As it is, I am now on a much lower dose and I seem to be slowly improving (side effects subsiding?) but we won't know for 3-4 weeks if that's the case.

As far as adenosine and methylation goes, we haven't discussed that aspect of anti-virals. Our conversations have revolved around rest and the anti-virals giving a weakened immune system a break from fighting off one of my more severe viral infections.

I hope this helps.

 

[heapsreal]

hi, ive been looking at a few of my previous threads in the past and i think i have plateaued or slightly gone backwards since moving from famvir to valtrex over last 6 months. Dont think its shonky valtrex cause when i have stop it i crashed and when back on valtrex improved. IM just wondering if famvir is my drug, more effective against ebv, while others find valtrex better choice for them.im going to order through an internet pharmacy and see how it go's and if no luck will order the very expensive overpriced famvir from here. Dont quote me but have read famvir has a broarder range of action, also read it has some action against entroviruses. We will see what happens.

cheers!!!

 

[heapsreal]

started famvir at 250mg twice a day today, this was the regime i was on when i improved alot. My last blood test showed all my lymphocytes were elevated again so will be keeping an eye on this as well. Im wondering if this dose of famvir is stronger then the 500mg twice a day of valtrex i was on. Im still better then pre av's but just starting to slide back abit. Also dr lerners recommendations are 1000mg 4 times a day, which i may also look into. Im going to give it about 2 months then add cycloferon to the mix which works in a similar way to immunovir but cheaper.

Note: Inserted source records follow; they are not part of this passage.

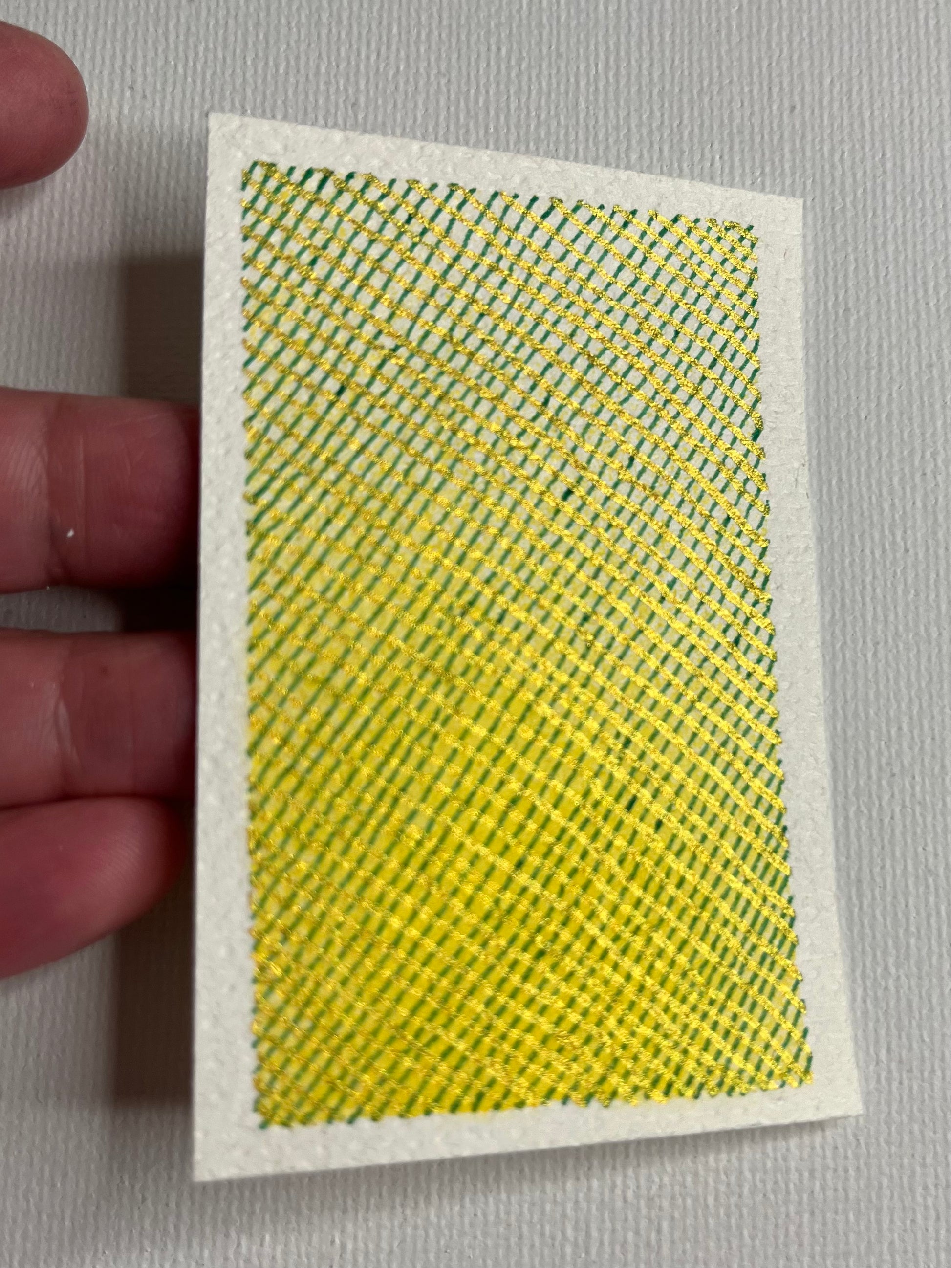 ACEO - White Acrylic Background With A Splash of Yellow Topped with Green and Gold 2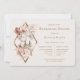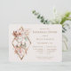 Rehearsal dinner invitation featuring bride and groom llamas adorned in Cream, brown, gold, and pastel pink florals.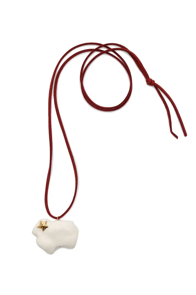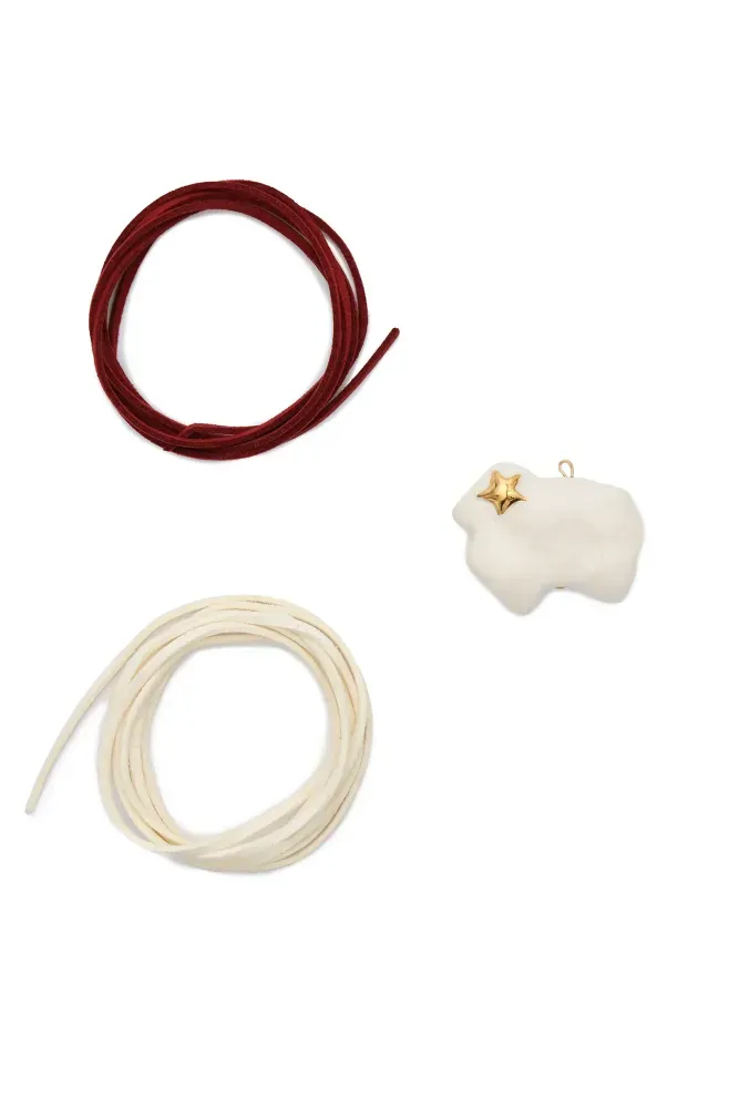 Підвіска Овечка – порцелянова прикраса ручної роботи стане гарним доповненням різдвяних образів. У комплекті додаємо дві шнурочки — бордового та молочного кольору.

What i found interesting in Maija Haavisto's book 'reviving the broken marionette' is that when it mentions famvir and its activity against herpes viruses, ebv etc but also hepatittis B and other retroviruses and also mentions being effective against herpes viruses that are resistant to other medications. Maybe it has alot broader action against viruses then we actually know about.

Its such an up and down disease which makes it so frustrating, i know there are others alot worse then me but im hoping to one day get back to exercising at full speed and competitive sport(got to have dreams) as well as being active with the kids, at the moment im just working fulltime with a few sickies and being a lazy bum when not at work, and insomnia go's without saying. Im going to drop all the sleep meds for awhile and see what happens, atleast give my body a break from them and reduce my tolerance to them.